→ **WHAT THE TASK ASKS**
Each record below is to be copied word for word, with pictures removed.

→ **DATA SUPPLIED**
BEGIN

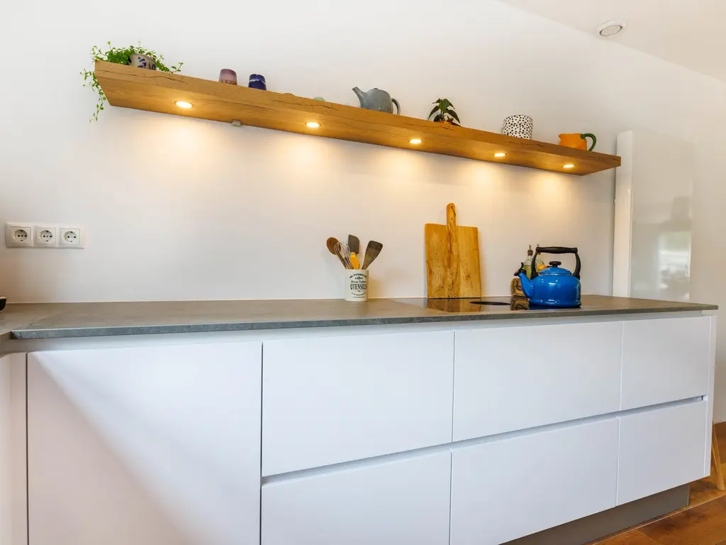 Entree met een royale hal. Hier is een toilet met fonteintje en toegang tot de fraaie uitgebouwde woonkamer. Op de vloer ligt een massief eikenhoutenparket. Voor zowel sfeer als warmte staat er een spekstenen houtkachel, die de hele ruimte goed verwarmt. De uitbouw is voorzien van een grote schuifpui naar de tuin op het zuiden, waardoor de ruimte heerlijk licht en zonnig is. De royale en moderne keuken is uitgerust met een Dekton werkblad en diverse inbouwapparatuur, waaronder een inductiekookplaat met geïntegreerde afzuiging, een combi-stoomoven/magnetron, een vaatwasser en een koel-vriescombinatie.
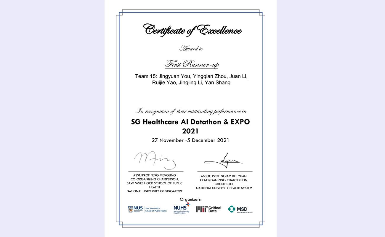 “医疗AI数据马拉松”自2018年起已成功举办三届,收到了来自NUHS、NUS、工业界、医疗保健行业、学术团体和其他机构的热烈响应。本届大赛,共有78支参赛队伍入围初赛,48支队伍晋级决赛,分别来自中国、日本、韩国、泰国、澳大利亚和巴西等国家的10余家研究机构。决赛邀请到来自麻省理工学院、哈佛大学、康奈尔大学、埃默里大学、新加坡国立大学等国际院校的20名专家担任导师、评委。经过激烈角逐,北京清华长庚医院推荐的由清华大学理工院系与心脏内科、呼吸与危重症医学科、皮肤科和耳鼻喉头颈外科临床医师组成的四支队伍中,耳鼻喉头颈外科代表队最终在48支决赛队伍中排名第二,获得“First Runner-up”亚军荣誉。
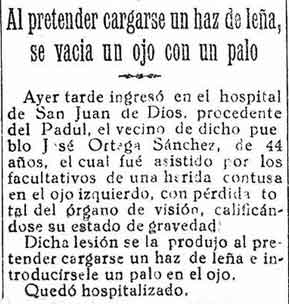 20 de febrero de 1931. Pierde un ojo un vecino de Padul
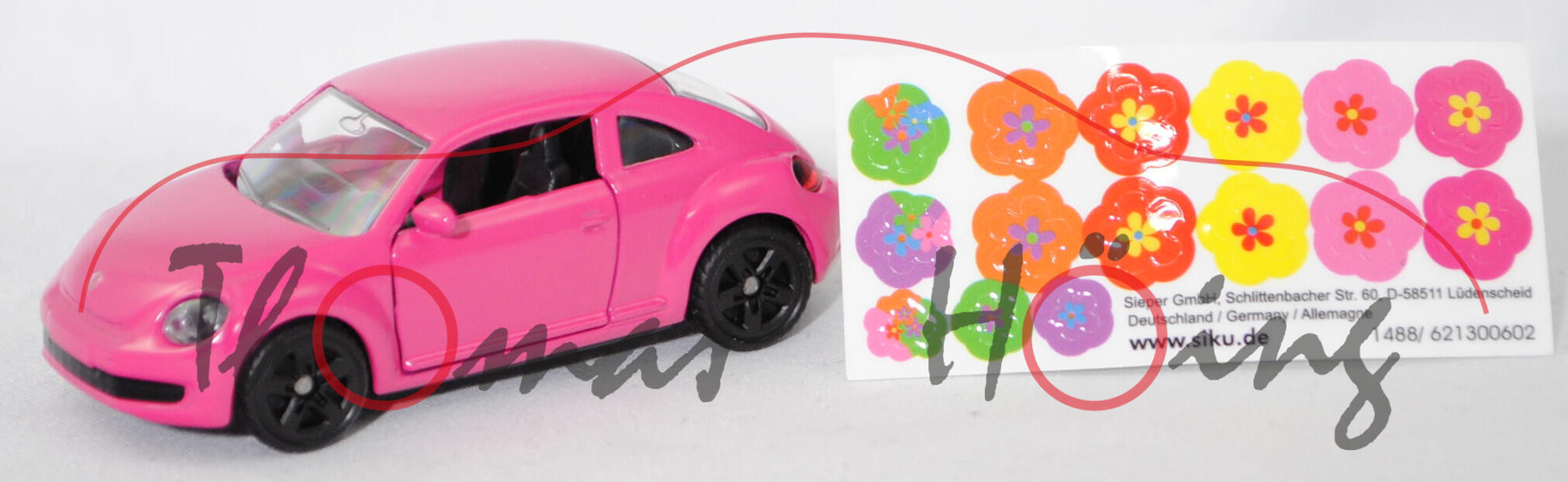 00000 VW The Beetle 1.2 TSI (2. Generation, 5C, Vorfacelift, Modell 2011-2014), dunkel-erikaviolett, Beilage: Aufkleberbogen mit Blumenmuster, SIKU SUPER, 1:55, P29f
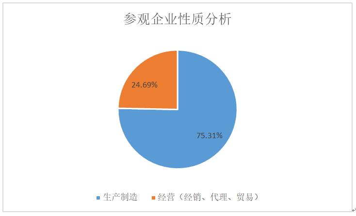 據(jù)展會組委會統(tǒng)計,本次展會參觀企業(yè)達6341家,從企業(yè)性質總數(shù)量占比來看,生產制造企業(yè)占75.31%,經(jīng)營(經(jīng)銷、代理、貿易)企業(yè)占24.69%,兩者合計占100%。由此可以看出,在參觀企業(yè)中,以生產制造企業(yè)為主,占比較大。
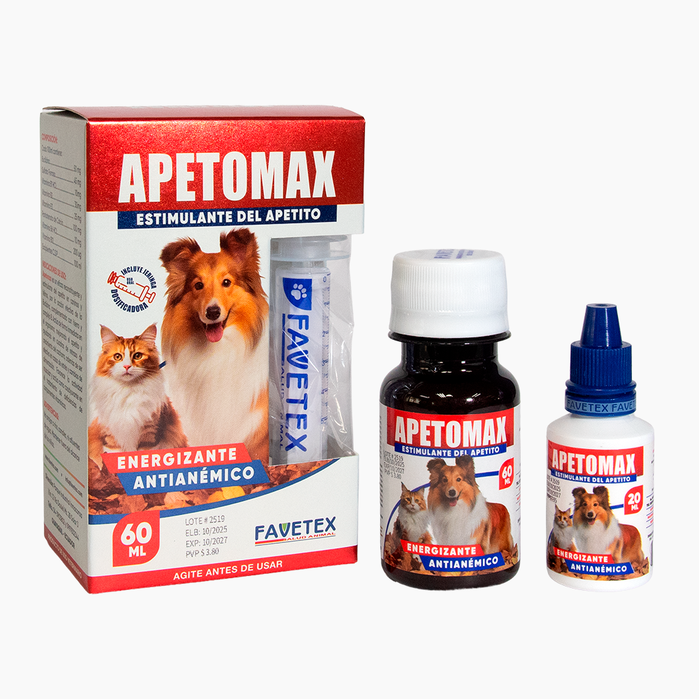 APETOMAX es un eficaz reconstituyente y estimulante del apetito en caninos, felinos, por la acción efectiva de la Buclizina, complementada con hierro y complejo B. Actúa de forma inmediata en el organismo; mejorando el apetito y ayudando en cuadros de retraso de crecimiento del cachorro, además de ser efectivo en casos de estrés y cambios de alimentación.
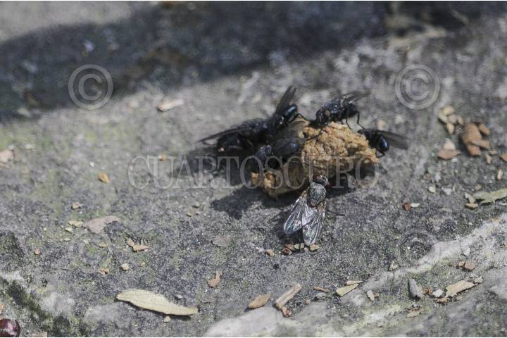 GUADALAJARA, JALISCO, 12JULIO2016.- Dos moscas durante la reproducción, estas son de los insectos que durante su proceso de vida pasan por un huevo, después una larva, sucesivamente le sigue una pupa y por ultimo se convierten en adultos. FOTO : FERNANDO CARRANZA GARCIA / CUARTOSCURO.COM

END

→ **EXERCISE ANSWER**
 Entree met een royale hal. Hier is een toilet met fonteintje en toegang tot de fraaie uitgebouwde woonkamer. Op de vloer ligt een massief eikenhoutenparket. Voor zowel sfeer als warmte staat er een spekstenen houtkachel, die de hele ruimte goed verwarmt. De uitbouw is voorzien van een grote schuifpui naar de tuin op het zuiden, waardoor de ruimte heerlijk licht en zonnig is. De royale en moderne keuken is uitgerust met een Dekton werkblad en diverse inbouwapparatuur, waaronder een inductiekookplaat met geïntegreerde afzuiging, een combi-stoomoven/magnetron, een vaatwasser en een koel-vriescombinatie.
 “医疗AI数据马拉松”自2018年起已成功举办三届,收到了来自NUHS、NUS、工业界、医疗保健行业、学术团体和其他机构的热烈响应。本届大赛,共有78支参赛队伍入围初赛,48支队伍晋级决赛,分别来自中国、日本、韩国、泰国、澳大利亚和巴西等国家的10余家研究机构。决赛邀请到来自麻省理工学院、哈佛大学、康奈尔大学、埃默里大学、新加坡国立大学等国际院校的20名专家担任导师、评委。经过激烈角逐,北京清华长庚医院推荐的由清华大学理工院系与心脏内科、呼吸与危重症医学科、皮肤科和耳鼻喉头颈外科临床医师组成的四支队伍中,耳鼻喉头颈外科代表队最终在48支决赛队伍中排名第二,获得“First Runner-up”亚军荣誉。
 20 de febrero de 1931. Pierde un ojo un vecino de Padul
 00000 VW The Beetle 1.2 TSI (2. Generation, 5C, Vorfacelift, Modell 2011-2014), dunkel-erikaviolett, Beilage: Aufkleberbogen mit Blumenmuster, SIKU SUPER, 1:55, P29f
 據(jù)展會組委會統(tǒng)計,本次展會參觀企業(yè)達6341家,從企業(yè)性質總數(shù)量占比來看,生產制造企業(yè)占75.31%,經(jīng)營(經(jīng)銷、代理、貿易)企業(yè)占24.69%,兩者合計占100%。由此可以看出,在參觀企業(yè)中,以生產制造企業(yè)為主,占比較大。
 APETOMAX es un eficaz reconstituyente y estimulante del apetito en caninos, felinos, por la acción efectiva de la Buclizina, complementada con hierro y complejo B. Actúa de forma inmediata en el organismo; mejorando el apetito y ayudando en cuadros de retraso de crecimiento del cachorro, además de ser efectivo en casos de estrés y cambios de alimentación.
 GUADALAJARA, JALISCO, 12JULIO2016.- Dos moscas durante la reproducción, estas son de los insectos que durante su proceso de vida pasan por un huevo, después una larva, sucesivamente le sigue una pupa y por ultimo se convierten en adultos. FOTO : FERNANDO CARRANZA GARCIA / CUARTOSCURO.COM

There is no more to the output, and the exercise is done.